After three years of working and waiting, Afeaki finally reached the major college level this year, as a student (the grades are good) and a player (he could use more weight). Afeaki vows to gain weight and lift weight during the off-season, having had to deal with mostly heavier rivals. He has been knocked down on occasion, though he has never backed down (after all, he has traded elbows with the likes of Slater).

"He's just got to make basketball a high priority," says Majerus. "But he's married and has a kid and he's got school. It's tough."

Majerus says Afeaki has a long way to go, but in many ways he already has come far. Afeaki spent the first seven years of his life in Nukualofa, Tonga, a set of islands set in the South Pacific, northeast of New Zealand. David and Finau Afeaki reared eight children - in order, Kamaeli, Akesa, Papa, Paul, Faiva, Nita, Wayne and Anna. They lived in a modern house, backed up against the Pacific, but lived an otherwise rustic life. For breakfast, the children picked mangos, bananas, papayas and tangerines as they walked to school. Paul never wore a pair of shoes until he was 7, and then only because of an event that would change his life completely.

When he was 6 years old, Afeaki slipped into a coma for two weeks. Doctors said he had a hole in his heart and that he had less than one year to live. They told him he must seek medical treatment in the U.S. Paul was 7 when he and his mother traveled to her parents' home in San Francisco. Doctors there pronounced him healthy - there was no hole in his heart and the coma was probably induced by a high fever. Because of better educational opportunities available in the U.S., Paul remained with his grandparents in San Francisco (his mother returned to Tonga five years later).

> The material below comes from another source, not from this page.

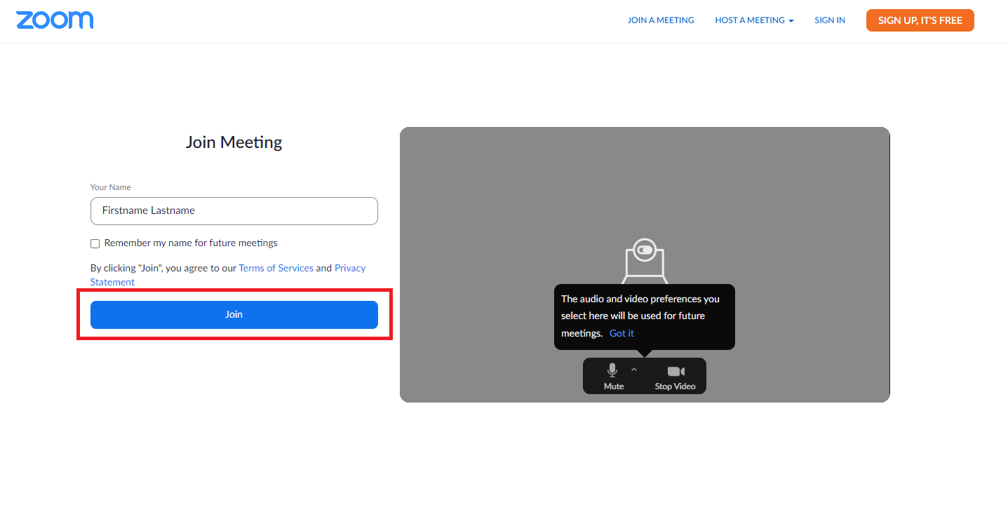 Enter your First and Lastname and click Join

"It was hard," recalls Afeaki. "I had to get used to the food. The first time I ate a hamburger I threw up. And I had to learn the language. All my friends had different backgrounds. But what I missed most was having a dad. I was jealous of my friends who had a dad."

It wasn't until 1989 - 13 years after he left home - that Paul saw his father and his siblings again (and met Anna for the first time). By then Paul was starting his own family - he and his wife, Nicole, have a child, David - and preparing for a career in law enforcement.

"Mom and Dad like the slow life (of Tonga)," he says. "But they're going to come to Utah next year and stay for the basketball season."

Still, he'd rather meet them in the islands. Thinking of his home, Afeaki smiles. "I miss the air, the people, the environment," he says. "Everything about it."